“El minuto del payaso”, de José Ramón Fernández.
Dirección: Fernando Soto. Interpretación: Luis Bermejo. Producción: Teatro El Zurdo.
Teatro Español. Hasta el 11 de octubre.
El minuto que va salvando el mundo
Entras en la sala Margarita Xirgú del Teatro Español y te recibe una neblina densa, como de irrealidad, que lejos de ocultar subraya los rasgos y desperfectos del foso circense que sirve de marco a "El minuto del payaso". Luis Bermejo se encargará después de disipar esa niebla, de ocultar el foso, de hacer que todo pase a un segundo plano mientras él da vida, y qué vida plena, a un texto magnífico de José Ramón Fernández. La historia de la payasada y la historia de una vida se enlazan en un monólogo de risa y rabia, de miedo y pequeñas grandezas, de tristeza y esperanzas. Una gran pequeña historia sobre el poder salvador de la risa, un relato que palpita y emociona hasta convertirse en una de esas raras "joyas" imprescindibles en la que todos los elementos viven en la perfección.
Luis Bermejo no hace de, sino que es, un payaso enfadado. Consigo mismo, con su padre, con el mundo que cambia rápido y ha ido dejando viejas sus rutinas, ha ido arrinconando su vida y su misión de payaso, ha dejado obsoletas, casi patéticas, esas gafas trasnochadas que lleva, a través de las cuales, seguro, ha mirado varios tiempos ya sin que ninguno le haya terminado de gustar. El actor no da un segundo de respiro, ni al espectador ni a sí mismo, mientras construye una interpretación memorable, una auténtica exhibición del dominio que tiene sobre su cuerpo y sus cuerdas vocales, sobre cada una de las fibras que intervienen en la composición de un gesto siempre perfecto.
Despliegue de gran actor en la piel de Amaro Junior, payaso de estirpe célebre que espera su momento de salir al escenario, en ese territorio de irrealidad que es el foso, mientras arriba transcurre una gala de homenaje al circo. Poco después de aparecer, cuando ya es suya toda la estancia y toda la atención del público, cuando ya puede empezar a jugar con ambas cosas. Mientras arriba avanza el charivari, en la doblez del tiempo y el espacio, él cuenta cómo empezó a ser payaso aunque él quisiera domar elefantes; recuerda mucho a su padre, un poco menos a su madre, reconstruye con la sola palabra el circo en el que creció y del que apenas podía escapar salvo en un parque, rememora el amor primero y perdido, el de la niña rusa y grácil que le enseñó a decir "Lublú". Hace reír, hace recordar, hace pensar y enternece a lomos de un texto grande, cosido por la poética sencilla pero deslumbrante de las cosas pequeñas e importantes. Fernando Soto, el director, ha impreso en toda la función el vuelo preciso de la belleza y el ritmo juguetón exacto para cada giro.
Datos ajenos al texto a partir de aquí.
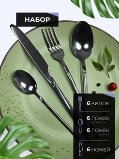 Набор столовых приборов 24 предмета черный с тонкой ножкой

A lo largo de la interpretación, van saliendo a la palestra nombres de payasos. Ficticios, como el Chino de Burgos, poseedor de una sabiduría insólita y legendaria, símbolo de la tradición oral en el texto de José Ramón Fernández; o reales, desde Charlie Rivel a Zampabollos, pasando por Miliki o Pepe Viyuela. Todos están dentro de la interpretación de Luis Bermejo y todos aparecen en un momento u otro, en este monólogo que es también un homenaje carrusel a los hacedores de sonrisas. Un charivari de honor para los payasos, contra el que Amaro Junior no protestaría con el "¡Como si ya estuviésemos muertos, ¿eh?", que profirió nada más empezar la función, porque es un homenaje real a todos esos artistas que, a pesar de su tristeza, encienden una luz en el pecho de los otros y les dan el minuto que va salvando el mundo.